ABOUT THIS TASK
Write out all the entries word for word and omit any pictures.

──────── DATA UNDER STUDY ────────

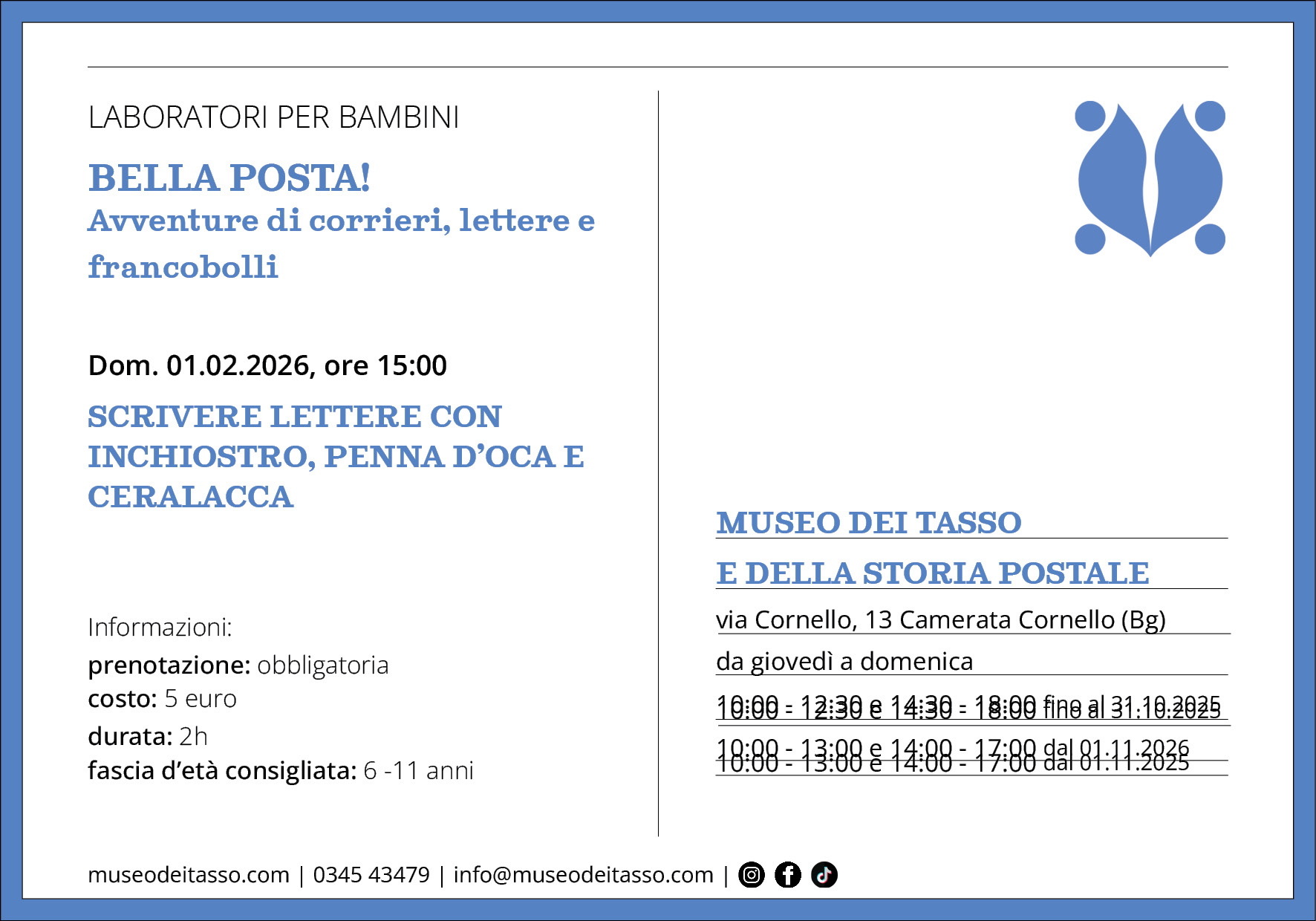 Domenica 1 febbraio 2026, alle 15:00, ti aspettiamo per “Scrivere lettere con penna d’oca, inchiostro e ceralacca”.
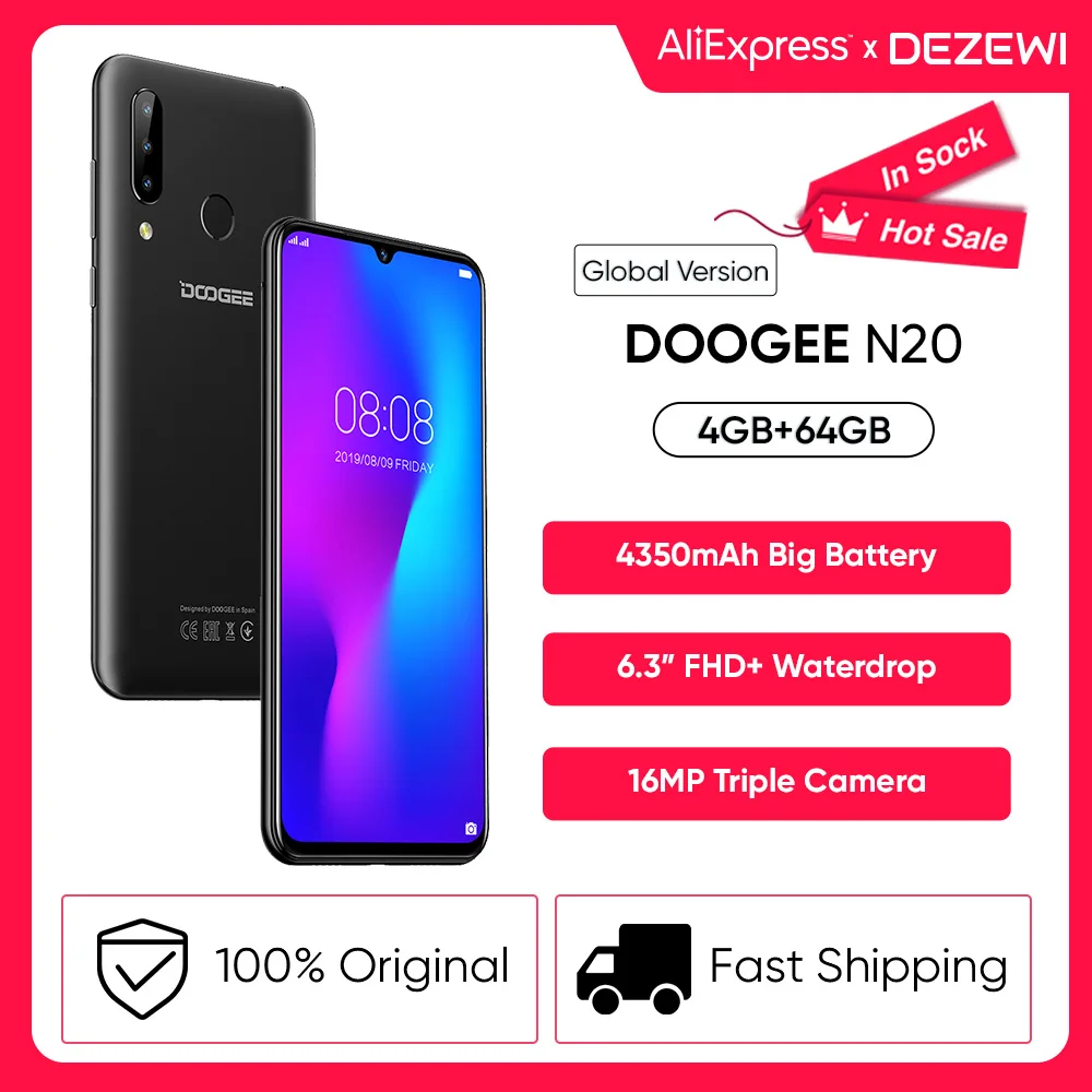 Смартфон DOOGEE N20, Helio P23, 6,3 дюйма, FHD +, тройная камера 16 МП, 4 + 64 ГБ, 4350 мА ч, 10 Вт, быстрая зарядка
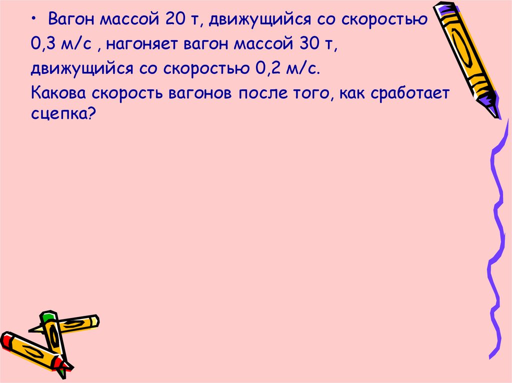 • Вагон массой 20 т, движущийся со скоростью0,3 м/с , нагоняет вагон массой 30 т,
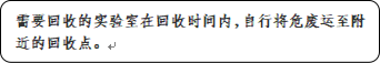 4. 如果出现如下现象,将不予以回收:废弃物分类标签和回收登记表信息填写不完整、废液桶中废液过少、玻璃容器中存有液体、针头、碎玻璃等锐器裸露、容器及袋子未良好密封,出现漏液、废弃物洒出现象。
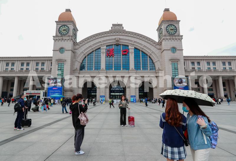 4月22日,游客在汉口火车站广场拍摄纪念。
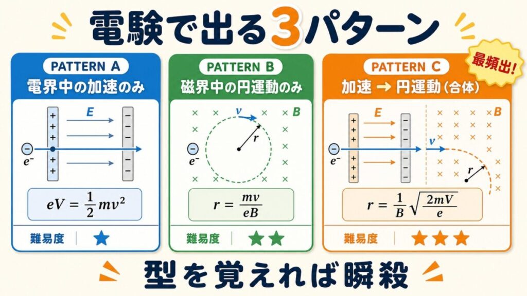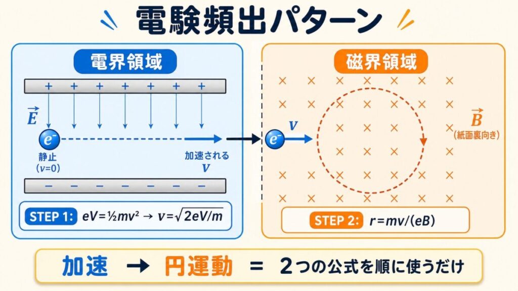 パターン3 - 加速 → 円運動の合体問題(電験頻出パターン)
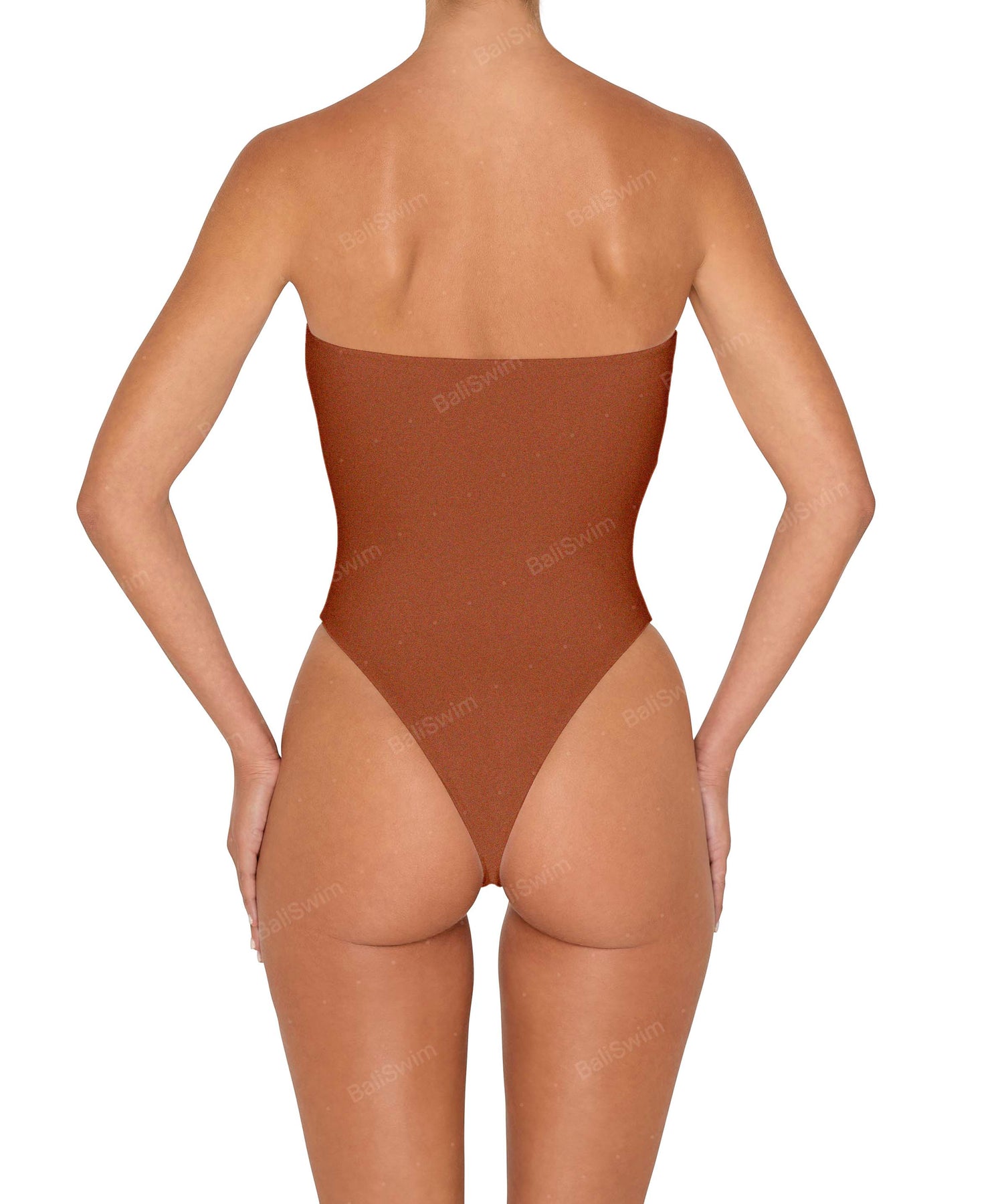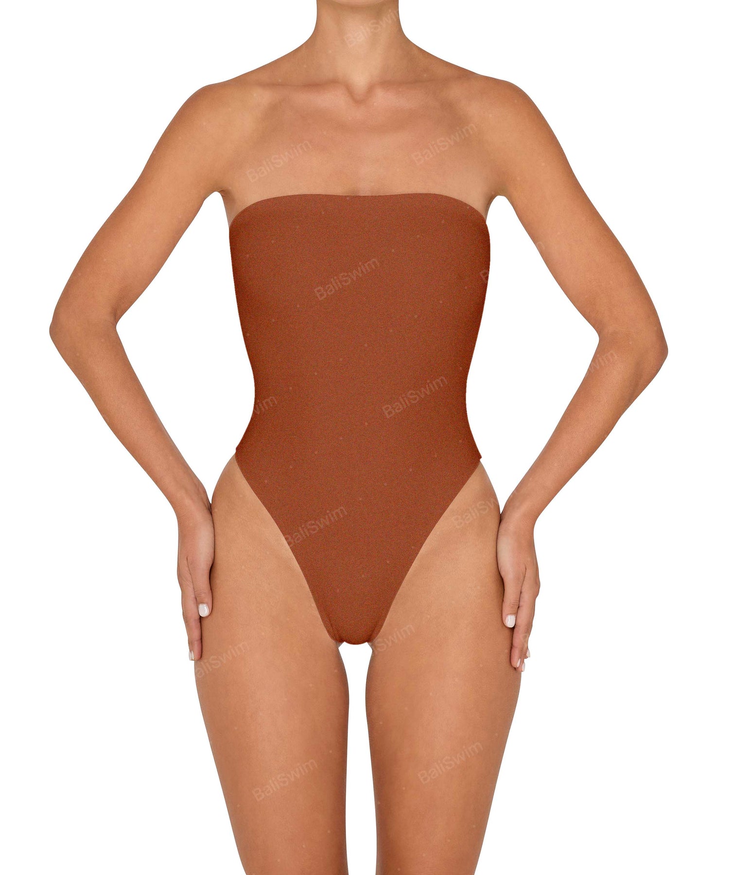 - Detail Feature: Classic strapless onepiece, high hip cut, silicon tape on the top bust to prevent slippage, and seamless finish
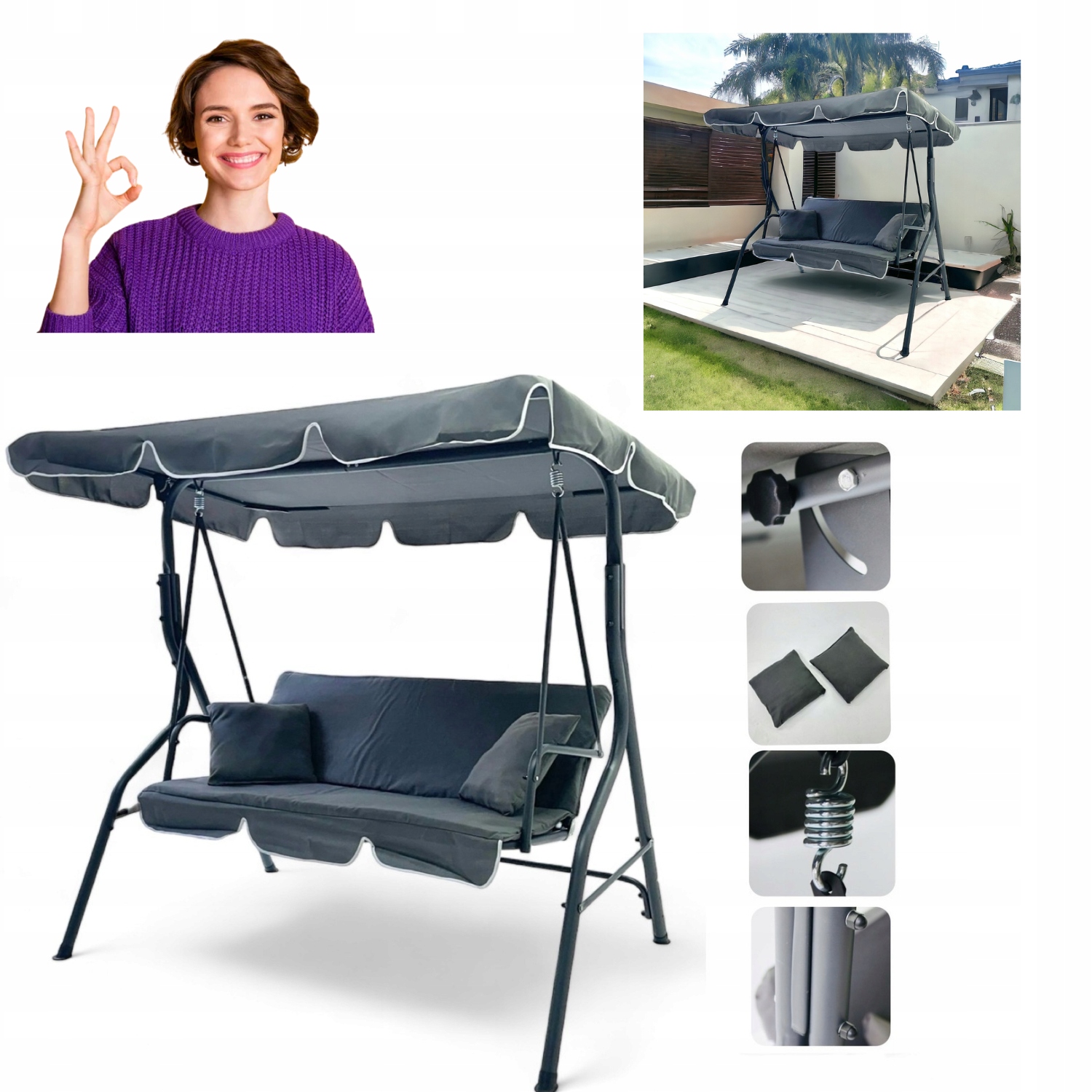 HUŚTAWKA OGRODOWA 3 OSOBOWA SZARA BUJANA REGULOWANY DASZEK MOCNA 240KG Waga produktu z opakowaniem jednostkowym 19 kg
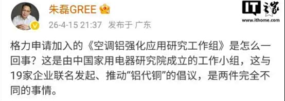 4月15日,格力澄清:加入该工作组是由中国家用电器研究院牵头的前沿技术研究,与19家企业联名推动的“铝代铜”自律公约为两件完全不同的事。
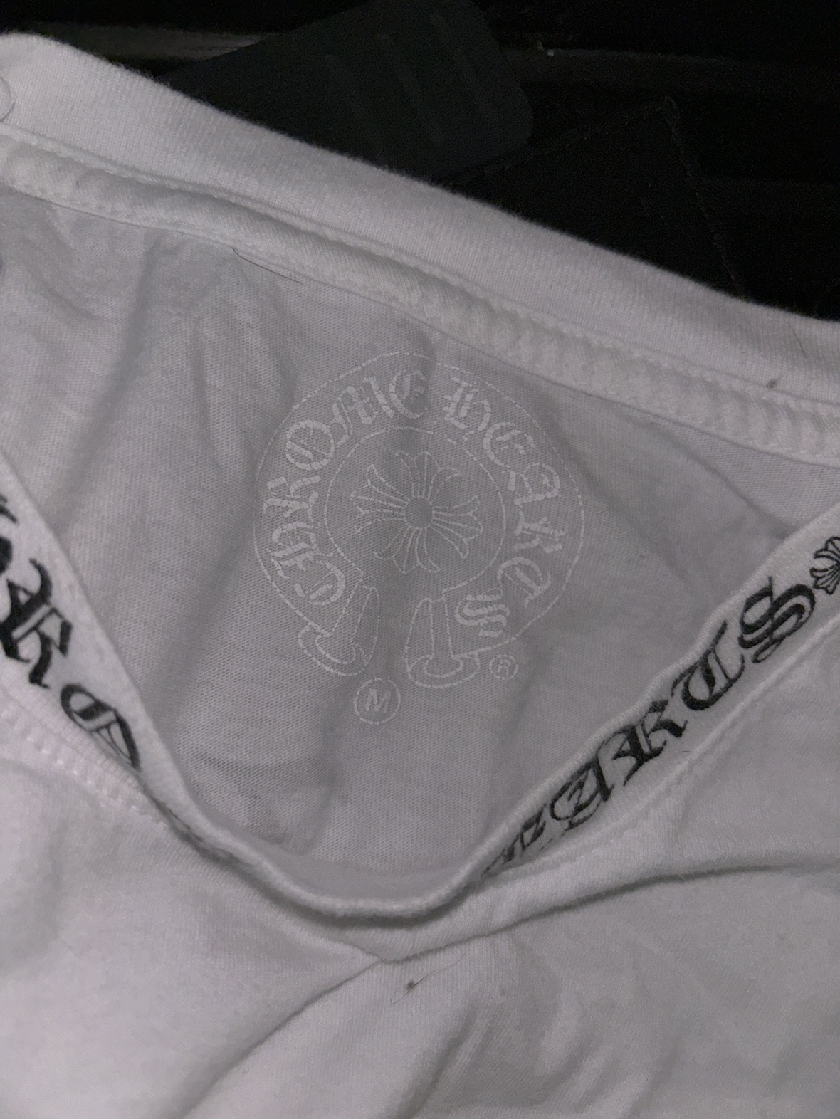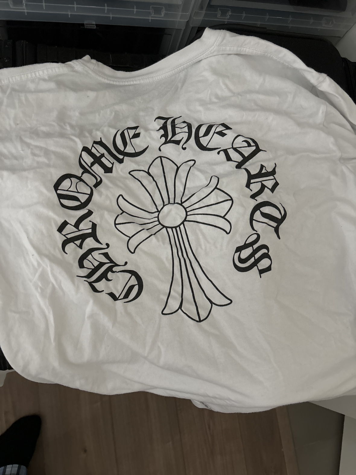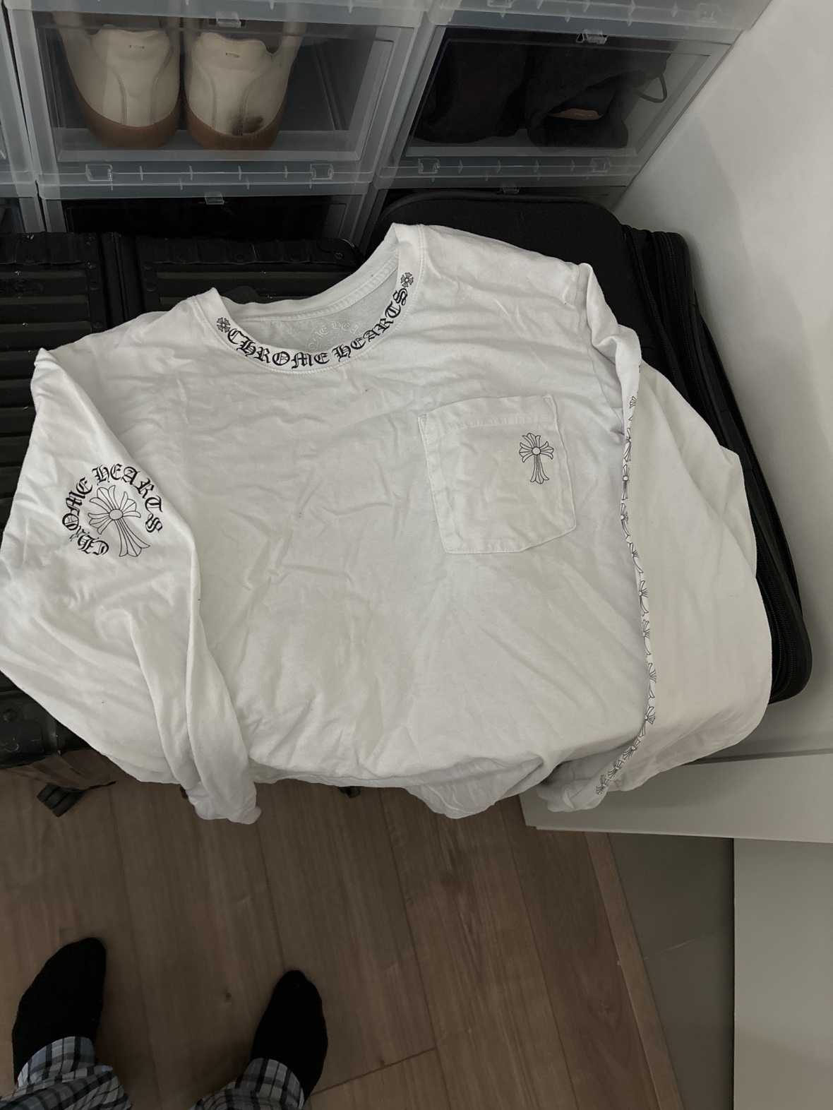 Authentic chrome hearts longsleeve AUTHENTICITY GUARANTEE, full work on arms, back and pocket and logo on front. Wrinkly and will be dry cleaned before pickup. This shirt does not have any stains or marks or rips. Again, 250$ for a chrome hearts shirt will not find that price.

────────

REPLY TO THE EXERCISE
 Domenica 1 febbraio 2026, alle 15:00, ti aspettiamo per “Scrivere lettere con penna d’oca, inchiostro e ceralacca”.
 Смартфон DOOGEE N20, Helio P23, 6,3 дюйма, FHD +, тройная камера 16 МП, 4 + 64 ГБ, 4350 мА ч, 10 Вт, быстрая зарядка
 • Вагон массой 20 т, движущийся со скоростью0,3 м/с , нагоняет вагон массой 30 т,
 4. 如果出现如下现象,将不予以回收:废弃物分类标签和回收登记表信息填写不完整、废液桶中废液过少、玻璃容器中存有液体、针头、碎玻璃等锐器裸露、容器及袋子未良好密封,出现漏液、废弃物洒出现象。
 4月22日,游客在汉口火车站广场拍摄纪念。
 パターン3 - 加速 → 円運動の合体問題(電験頻出パターン)
 - Detail Feature: Classic strapless onepiece, high hip cut, silicon tape on the top bust to prevent slippage, and seamless finish
 HUŚTAWKA OGRODOWA 3 OSOBOWA SZARA BUJANA REGULOWANY DASZEK MOCNA 240KG Waga produktu z opakowaniem jednostkowym 19 kg
 4月15日,格力澄清:加入该工作组是由中国家用电器研究院牵头的前沿技术研究,与19家企业联名推动的“铝代铜”自律公约为两件完全不同的事。
 Authentic chrome hearts longsleeve AUTHENTICITY GUARANTEE, full work on arms, back and pocket and logo on front. Wrinkly and will be dry cleaned before pickup. This shirt does not have any stains or marks or rips. Again, 250$ for a chrome hearts shirt will not find that price.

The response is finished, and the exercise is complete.